All that being said – this long discussion about building instruments might imply that the only important goal is to expand our perception. This is an essential aspect of science, but it’s not the whole story. Perception is not the same as understanding. Eric Jonas and Konrad Kording wrote a great paper explaining the difference, titled “Could a neuroscientist understand a microprocessor?” In the paper, they simulate a microprocessor at the transistor level and then study the system using modern neuroscience techniques. Even though they can study every electrical voltage at every point in the system (their perception is definitionally perfect, as if they have the greatest microscope of all time), they are entirely unable to explain the behavior of the system as a whole and how those voltages come together to generate the experience of Donkey Kong. Our measurements are only as useful as our paradigms, and instrument building must go hand in hand with theory building.

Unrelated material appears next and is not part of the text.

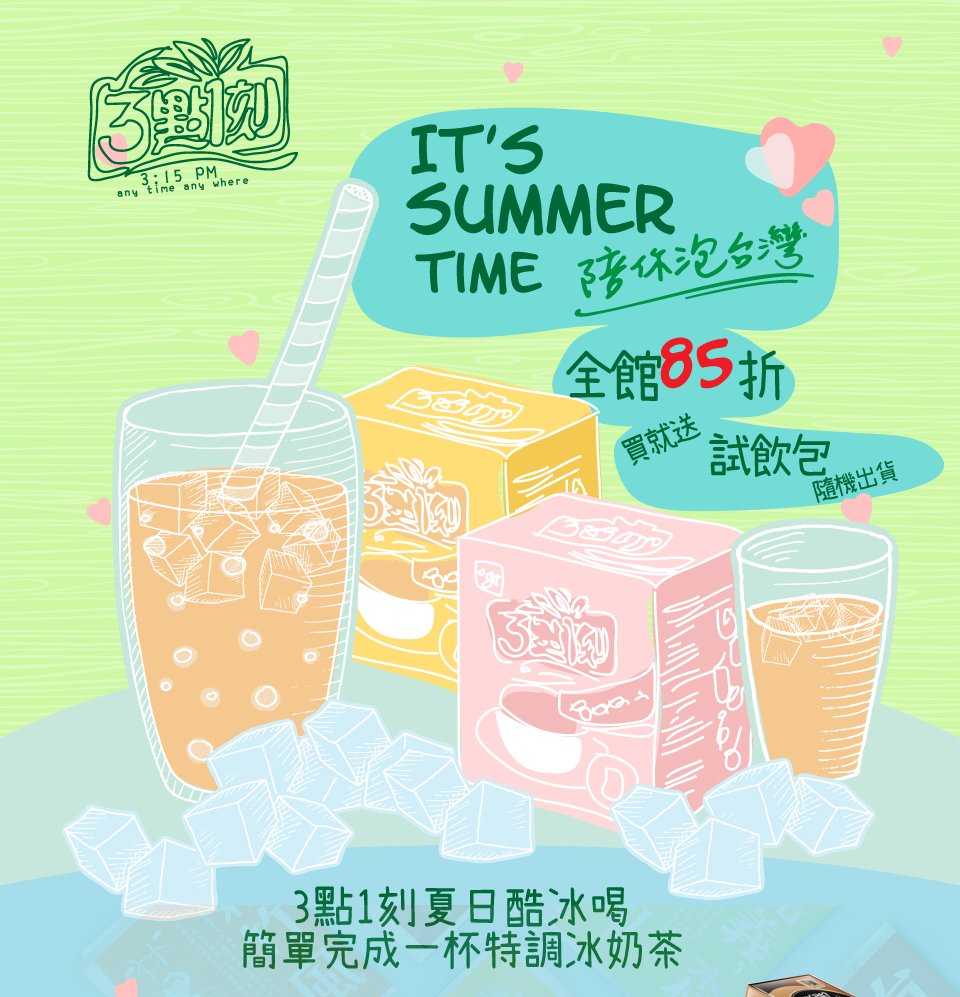 3點1刻酷夏瘋殺全館結帳85折優惠實施中。

Instrument building is just one approach of many in science. The more of these approaches you can understand and keep in your pocket, the better, even if just to help you communicate with those who use different ones than you. If it sounds horrible, don’t worry. Building instruments isn’t the only way to do science. But it is one of the ways you can help science go faster, and if that sounds amazing, trust me that it is - and start building!
So many Nobel prizes have been awarded for new techniques that it might be the most reliable way to get one.
At the very least, you’ll dramatically strengthen general skills like machining, welding, CAD, electronics, and programming. Depending on your field, you’ll learn WAY more than this.